About a month ago, I was driving around, when it suddenly became very difficult for me to shift the car into any gear. It started with reverse, then the lower gears, then all the gears. I was practically standing on the stick on the last let home, just trying to get the car back into the parking space, which I believed would ultimately be it's grave. By the time I did, the clutch was sinking into the floor with no resistance, and the gears were resolute and defiant.


I was barely able to roll the car into it's spot. I believed (and others agreed with my belief) that the clutch was broken and needed to be replaced. The only trouble with this was that we couldn't afford the repair. We didn't want to add to our already mounting credit card debts. We are trying to stay out of debt wherever possible, and by God's grace we are making slow headway on paying off what little debt we've incurred in the past couple months. As you can, then, imagine the thought of auto repairs wasn't a thrilling one. So, I held off as long as I could. Ferial urged me to get it fixed. However, I didn't see it as a need. I didn't have a job to get to and I was able to get around by hitching rides, or borrowing vehicles when a need did arise. I was recently convinced, though, that I needed to bite the bullet and get the car fixed. I began to see it as necessary.
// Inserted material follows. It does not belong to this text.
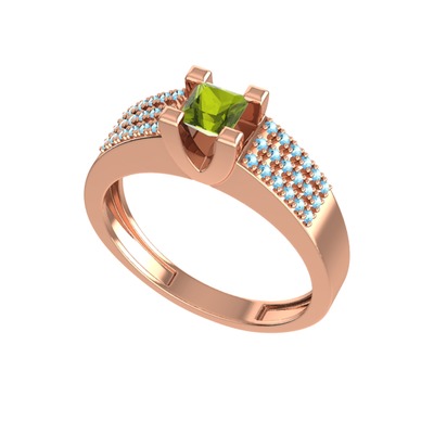 Peridot ve akuamarin 14 ayar rose altın yüzük

I did a bit of investigation and a friend told me that his father would be willing to do the work for a discounted price, because of our close friendship. I debated this for another week, as it was still more than I wanted to spend...and I just knew that once he got in there, he'd find plenty more that needed to be fixed than just the clutch. In the end, though, I called and scheduled an appointment.

Which brings me to today.

I called roadside assistance. Made an appointment at the garage. And followed the tow truck over in our other vehicle, Geordi LaForte.

Upon arriving at the garage, I told of my woes to Dennis the mechanic. He was really busy, but as I explained the problem, he looked a bit sideways at me, and I could see the lightbulb turn on in his mind. He asked if I'd checked the fluid in some car part that I didn't know existed, and quickly concluded by my blank stare that I hadn't.

"If this is just a fluid problem, I'm going to be very embarrassed." I said.
Dennis the mechanic looked at me and answered very matter-of-fact, "Well, a little embarrassment might be worth saving yourself $500."
Too true.

He looked under the hood, unscrewed the lid to a reservoir that I might have thought belonged to the windshield wiper fluid, placed his finger inside and said, "Yup. Bone dry. That's a good sign."
(Only in this situation would that be a good sign)

He filled the little tank with some clear fluid, started the car and immediately slid the car into gear with ease.

I tucked my tail between my legs...

He told me to take the car for a spin around the block, just to make sure.

And for that trip around the block... I was truly thankful.

My car was "fixed"... and it cost me nothing.
(except perhaps some pride)

In the book of Hebrews, the author encourages his readers to "endure hardship as discipline." For such discipline is a sign that God is treating us as children, and what loving father doesn't discipline his children? In his context, the writer of that letter was encouraging early Christians who were being persecuted for their faith. Comparatively, my little #FirstWorldProblem isn't really such a big deal. All the same, though, it was a kind of a hardship to go without my car for the past month. It was humbling to have to beg rides off of people. I felt like a burden when I needed to borrow a car. I wasn't able to go to places I wanted, nor to places I needed to. I felt isolated, stuck, lame.

"the Lord disciplines the one that He loves, and chastens everyone He accepts as His son"

I was certainly in need of some discipline.

Over this month, I re-learned to be thankful & content. I'm thankful for my car. However, I'm also thankful for discipline, for gracious reminders & that I'm accepted as a son, by a Father who loves me.


And for a person who loves to drive, pavement itself can be a sort of paradise.